_What you will do_. Your copy of the entries below should hold exactly the lines from the one containing "大阪梅田駅へ戻って来るとJackie & Hankyuヘッドマークを掲出した神戸線9002Fが停車中だったので撮影。 |" to the one containing "法国法轮功学员在巴黎丹弗尔•罗什鲁广场洪法讲真相 呼吁停止迫害", inclusive, and no pictures.

_Information_.
__________

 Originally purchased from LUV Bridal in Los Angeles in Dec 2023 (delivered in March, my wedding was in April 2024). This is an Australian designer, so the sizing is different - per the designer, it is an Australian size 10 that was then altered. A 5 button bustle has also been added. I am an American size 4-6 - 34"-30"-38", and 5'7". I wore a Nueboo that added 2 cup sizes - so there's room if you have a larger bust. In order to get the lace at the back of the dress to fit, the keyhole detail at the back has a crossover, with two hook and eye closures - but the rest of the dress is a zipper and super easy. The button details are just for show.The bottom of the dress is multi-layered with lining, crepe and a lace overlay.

__________

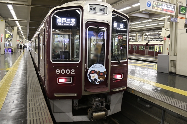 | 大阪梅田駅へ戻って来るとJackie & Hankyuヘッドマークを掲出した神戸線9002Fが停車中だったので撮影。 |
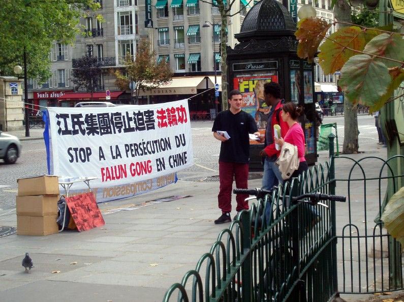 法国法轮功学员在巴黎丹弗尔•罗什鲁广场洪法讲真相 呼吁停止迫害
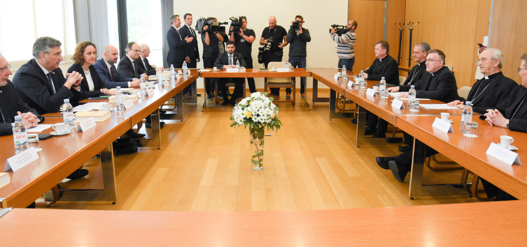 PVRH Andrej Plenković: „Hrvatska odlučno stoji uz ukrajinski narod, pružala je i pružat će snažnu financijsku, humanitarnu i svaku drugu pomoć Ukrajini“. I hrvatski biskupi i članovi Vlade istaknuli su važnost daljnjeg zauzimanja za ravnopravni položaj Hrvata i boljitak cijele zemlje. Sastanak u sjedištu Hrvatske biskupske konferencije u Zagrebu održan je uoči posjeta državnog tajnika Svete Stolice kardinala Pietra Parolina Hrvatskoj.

__________

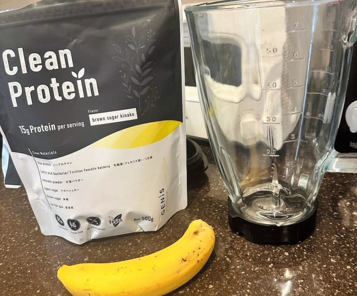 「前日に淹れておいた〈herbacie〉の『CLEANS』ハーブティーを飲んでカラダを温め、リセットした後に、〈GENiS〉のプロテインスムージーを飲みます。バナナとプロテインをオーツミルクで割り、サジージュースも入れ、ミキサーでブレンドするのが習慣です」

__________

_Your solution_.
 | 大阪梅田駅へ戻って来るとJackie & Hankyuヘッドマークを掲出した神戸線9002Fが停車中だったので撮影。 |
 法国法轮功学员在巴黎丹弗尔•罗什鲁广场洪法讲真相 呼吁停止迫害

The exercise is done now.